Word Search

Word Search - Problem

Given an m x n grid of characters board and a string word, return true if word exists in the grid.

The word can be constructed from letters of sequentially adjacent cells, where adjacent cells are horizontally or vertically neighboring. The same letter cell may not be used more than once.

Input & Output

Example 1 — Found Word

$ Input: board = [["A","B","C","E"],["S","F","C","S"],["A","D","E","E"]], word = "ABCCED"

› Output: true

💡 Note: Path exists: A(0,0) → B(0,1) → C(0,2) → C(1,2) → E(2,2) → D(2,1).

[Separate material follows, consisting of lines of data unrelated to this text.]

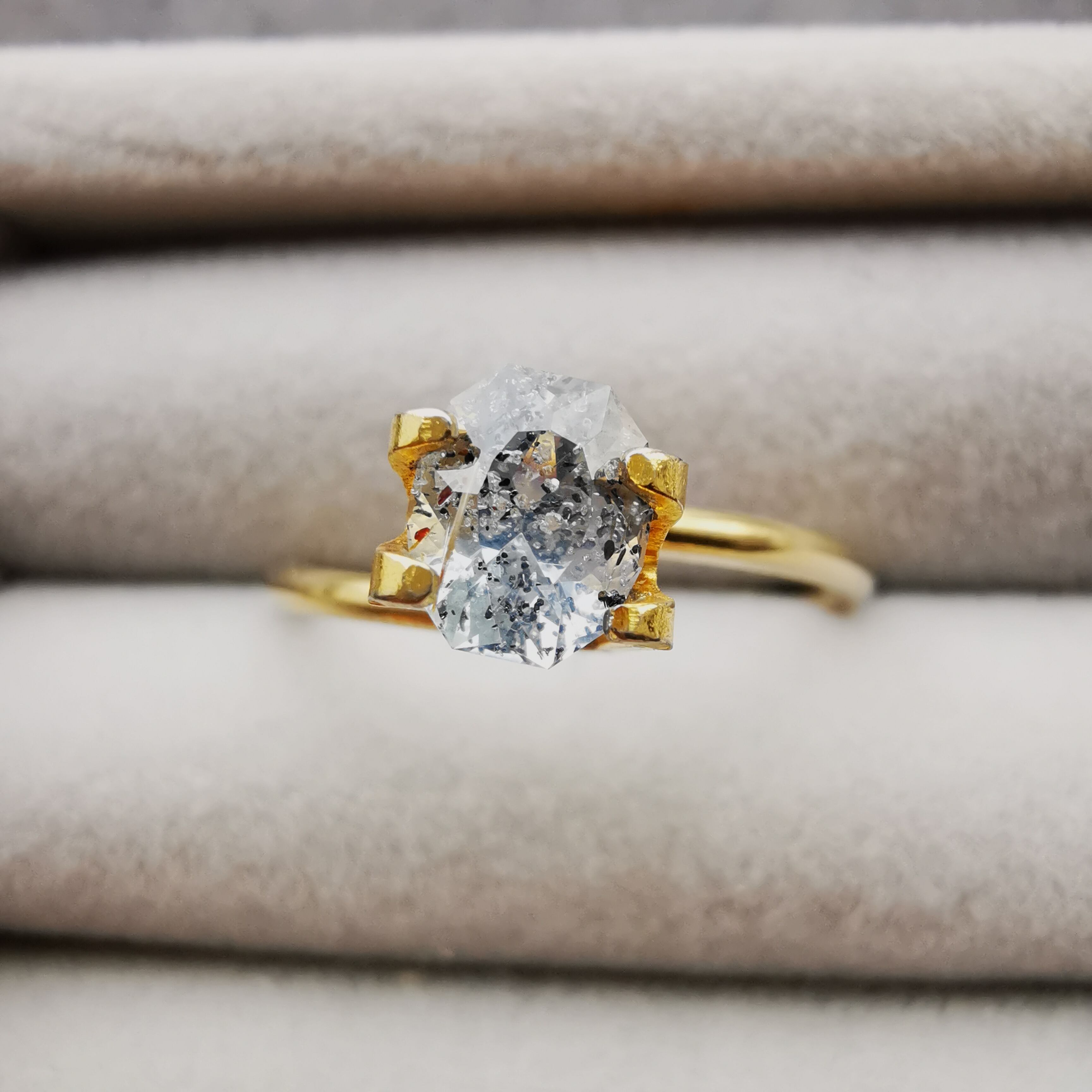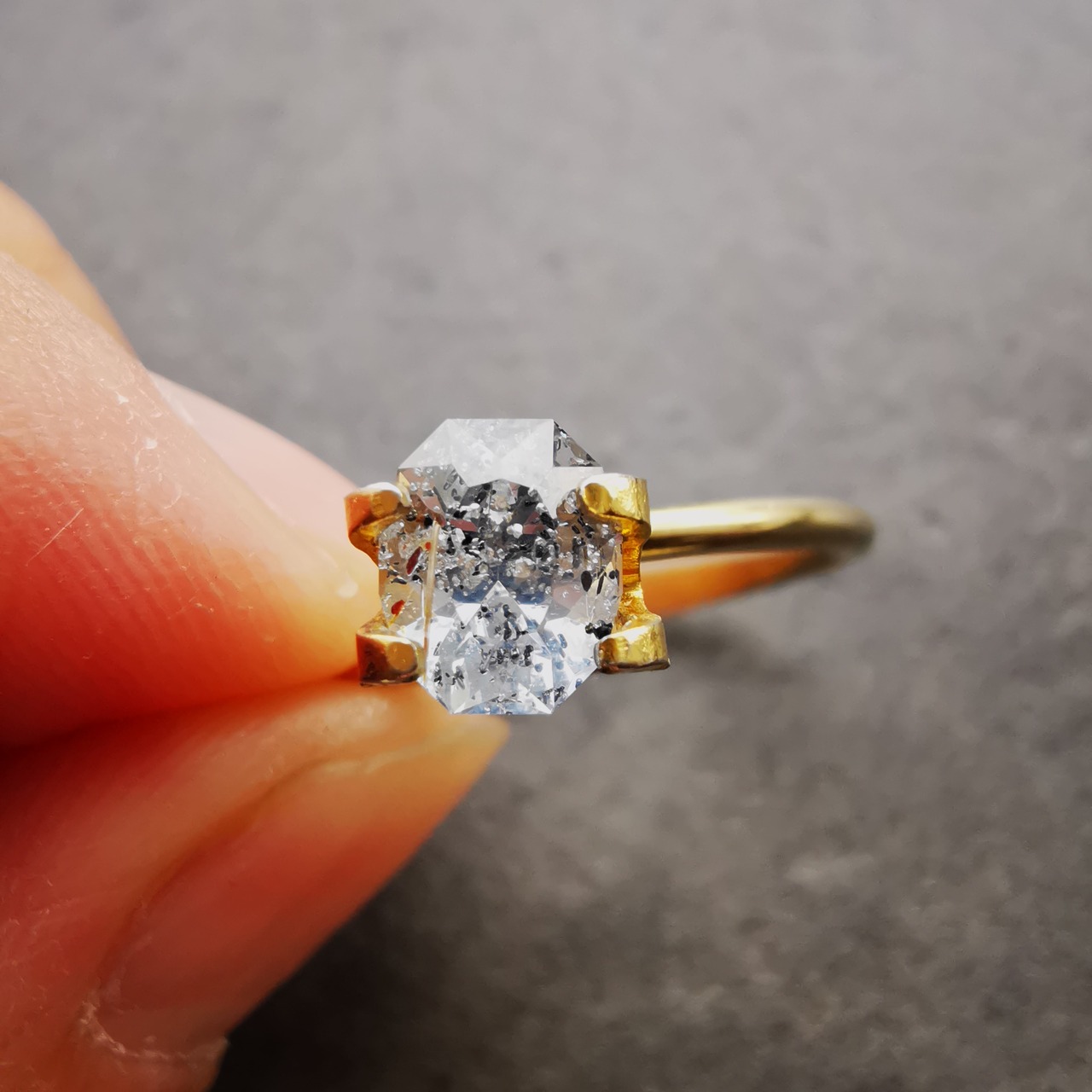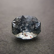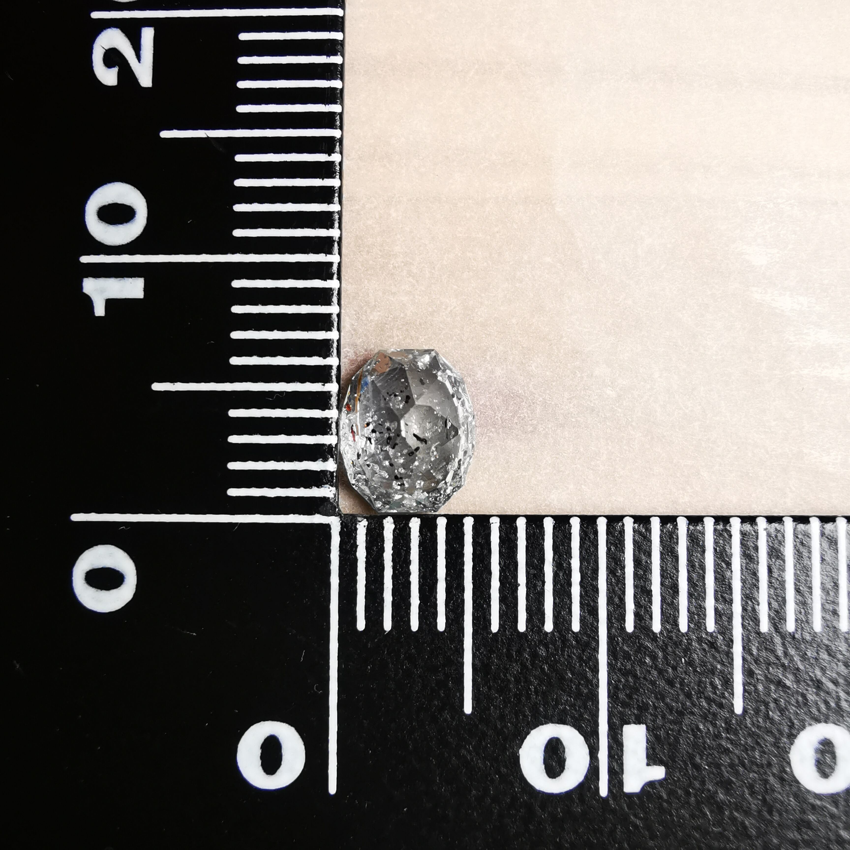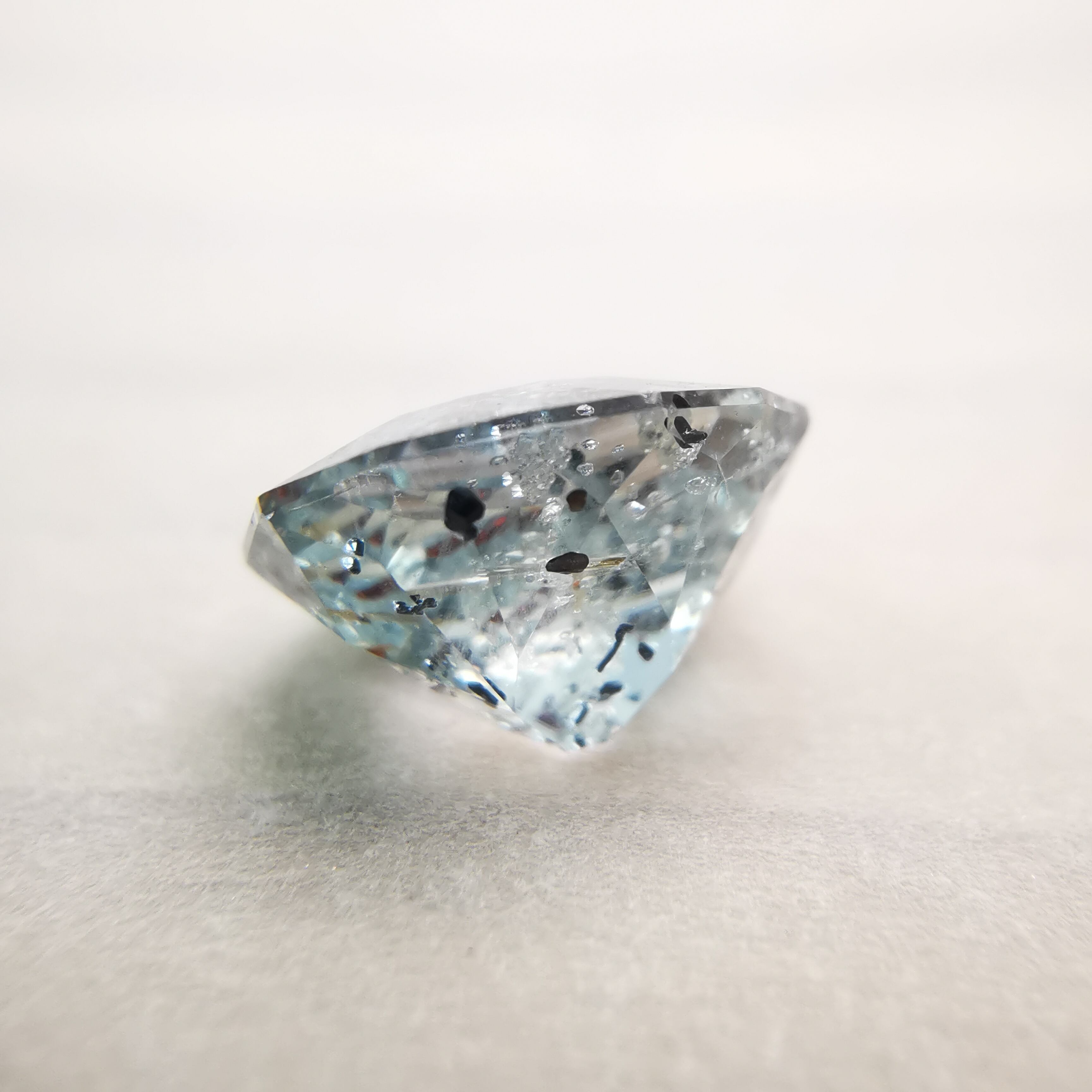 少しシルキーでカラーレスに近い、ごく淡い緑みブルーのサファイアに、様々なインクルージョンが入っています。
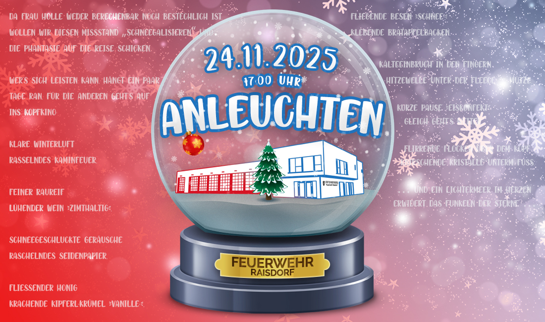 11.11.2025 (16:30) Alarmierung 120 Minuten Einsatzdauer TH K 00 Einsatzstichwort 08 Einsatzkräfte LATERNENUMZUG St.-Martins-Weg EINSATZBERICHT Im Rahmen einer Amtshilfe haben wir die Polizei Schwentinental bei der Absicherung des Laternenumzugs der Kirchengemeinde Raisdorf von der St.-Martins-Kirche bis zum APH St.-Anna unterstützt. [...]
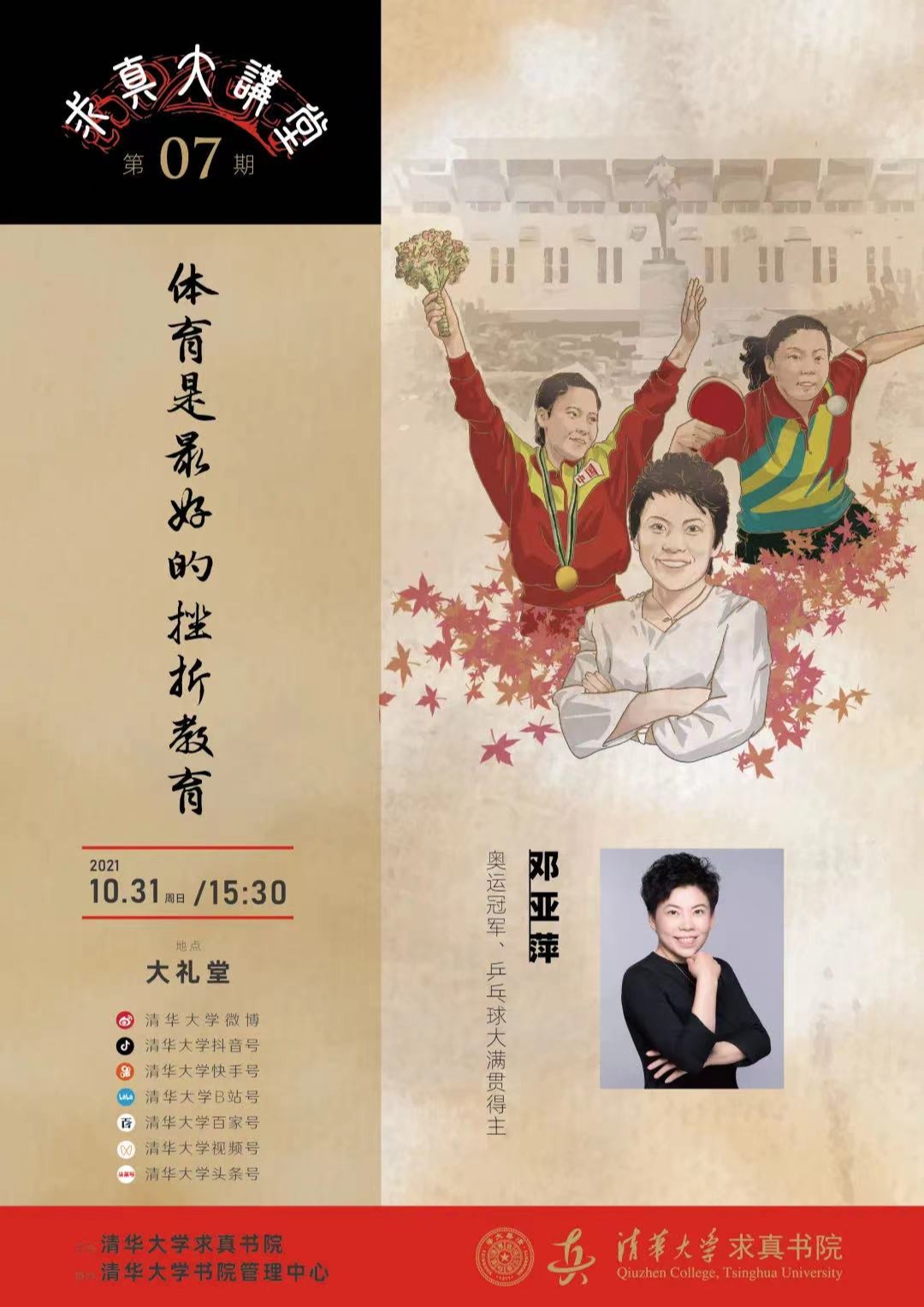 邓亚萍应丘先生邀请,为探花 以及其他院系的同学讲述自己的亲身经历以及对体育的感想。邓亚萍告诉同学们——“我们要一路向前,勇往直前,披荆斩棘。无体育不清华,为祖国健康工作50年,这是清华人的责任。

Each step moves to adjacent cell without reusing.

Example 2 — Word Not Found

$ Input: board = [["A","B","C","E"],["S","F","C","S"],["A","D","E","E"]], word = "ABCB"

› Output: false

💡 Note: Cannot form ABCB because after A(0,0) → B(0,1) → C(0,2), we need another B but the original B(0,1) cannot be reused.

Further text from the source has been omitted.